According to Rambo, he will pay two members from the road department with the state liquid fuel funding. That money is usually used for road materials, but Rambo decided to use it this year for salaries. Road work projects will be reduced until the revenue situation improves. All non-uniform employees including management and staff will receive no pay raise. The township will also cut its contribution to the non-union pension fund from 7.5% to 5%. According to Rambo, that is not a savings to the township. That money will move from the non-pension fund to the police pension fund. It is that money that will aid to make up the difference in the state-mandated police pension funding.

Under contractual obligations, the police department members, at this point, will receive their 4% annual raise. The township, the union, and their attorneys had met, but the township was still waiting to hear from the union. At the early December board of supervisor's meeting, the police union representative, Dave Domblesky, stated the situation did not come to light for them and their attorney until late November. Their attorney was currently studying the budget.

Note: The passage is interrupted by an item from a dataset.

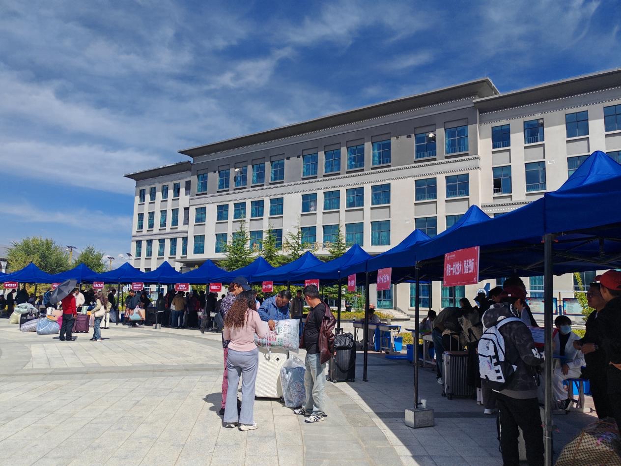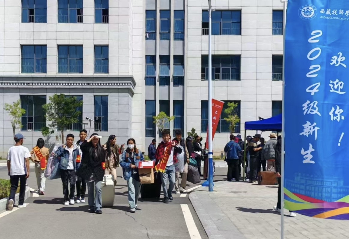 在西藏技師學院校園里,隨處可見“歡迎新同學”的標語和展板,校園內(nèi)還設置了立體合影展臺供學生留影,營造出了濃濃的暖心氛圍。學生和家長們帶著大包小包的行李,秩序井然地進入校園,找到所錄取專業(yè)報到點前完成入學手續(xù),各班班主任都等候在報到點,耐心地回答學生們的疑問、專業(yè)學習情況、體檢和助學金的申請等問題。

Supervisor Tom McCaffrey said he was disappointed in not hearing from the union sooner and stated the budget has to be enacted by the end of the year. Supervisor Joe Obernier reiterated they had heard nothing from the union. He also requested if there were concessions the union and it members were willing to make and were in agreement with, it should be brought forth quickly. Obernier had also stated the budget would probably need to be amended in December and possibly after it was voted on early next year.

If additional cuts are needed, it is likely to come from the police budget. The Police Department is the largest slice of the budget. It is 1/3 of the overall budget. However, if the state's pass-through money is taken out of the budget, the police department becomes 41% of the town-ship's discretionary spending budget. On a pie chart for the township budget, it is one of the largest slices of the pie. It is logically one of the first places to look for additional cuts.

Taking out that same pass-through funding, the administration/board of supervisors is 18% of the discretionary spending. The Road Department is 12% of the same spending. The Code Department is 7% of the township discretionary spending. The township's debt service is 16% of the budget without the state's pass-through funding.

The township will continue budget discussions at this week's board of supervisors meeting. Work will continue on the budget until the board of supervisors votes on the budget. They will vote on the budget at the December 29th at a special meeting.